Rulers commissioned portraits projecting images of authority, wisdom, and "divine right," often incorporating Christian symbolism to emphasize their "God-given right to rule the state." However, the degree to which a monarch embraced or distanced themselves from religious imagery reveals their intended brand positioning relative to the Church. This is particularly evident in the contrasting approaches of Henry VIII and Elizabeth I, father and daughter who ruled England in succession. Their different religious stances manifested clearly in their royal "advertising."

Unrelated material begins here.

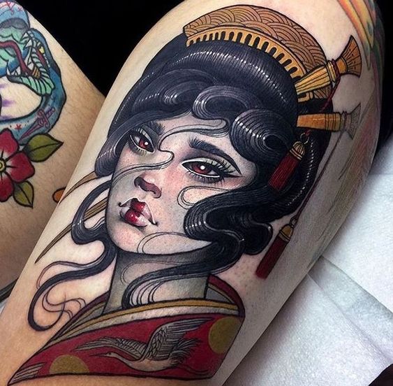 Phong cách hiện đại (Neo-Traditional): Phong cách này nhấn mạnh vào chi tiết và bóng đổ để tạo ra những hình ảnh sống động. Hình xăm Geisha theo phong cách hiện đại thường sử dụng nhiều màu sắc sáng, mang lại cảm giác chân thực và cuốn hút hơn, thể hiện sự phức tạp của nhân vật Geisha.

Henry VIII: A Case Study in Visual Branding
Henry VIII's break from Rome was driven by both personal and political motivations - his desire to annul his first marriage and his aim to establish a more modern model of monarchy where state law superseded church law. This transformation made him the archetypal brand of European religious order deviation.
The King employed an advertising agency; Henry VIII's court painter Hans Holbein made a portrait depicting the subject as a commanding ruler without religious symbolism. The King's stance with legs firmly planted, and the lavishly decorated clothing with exaggerated shoulder padding all convey the presence of a monarch. Some scholars, comparing the proportions of Henry VIII's existing armor with the figure in this painting, note that Henry VIII didn't have such long legs. The painter enhanced his height in composing the image, elevating the "monarch" brand considerably. And, considering that Henry VIII was a middle-aged man in poor health due to an injury when the portrait was painted, Holbein's painting could be seen as having done some "post-production editing." Holbein was a "creative director" who well understood his client's communication strategy and objectives. He executed the deliverable with genius-level skill. The portrait captures the zeitgeist of separation from church.
Henry VIII seems to have been a natural celebrity who intuitively understood the power of iconic images and their repetition in brand building. He had other painters copy Holbein's successful formula and spread it throughout his territory. He gave them as gifts to acquaintances, courtiers, and ambassadors from various countries. In today's terms, this would be like brand advertising campaign spreading widely through fashion magazines, brochures, posters, and billboards in major world cities. Thanks to these numerous reproduced advertisements, even though Holbein's original was lost to fire in the late 17th century, this imagery remains as Henry VIII's iconic brand image in public memory. It was personal branding for one individual, but also system branding for "monarchy" as a regime beginning to redefine its relationship with the church.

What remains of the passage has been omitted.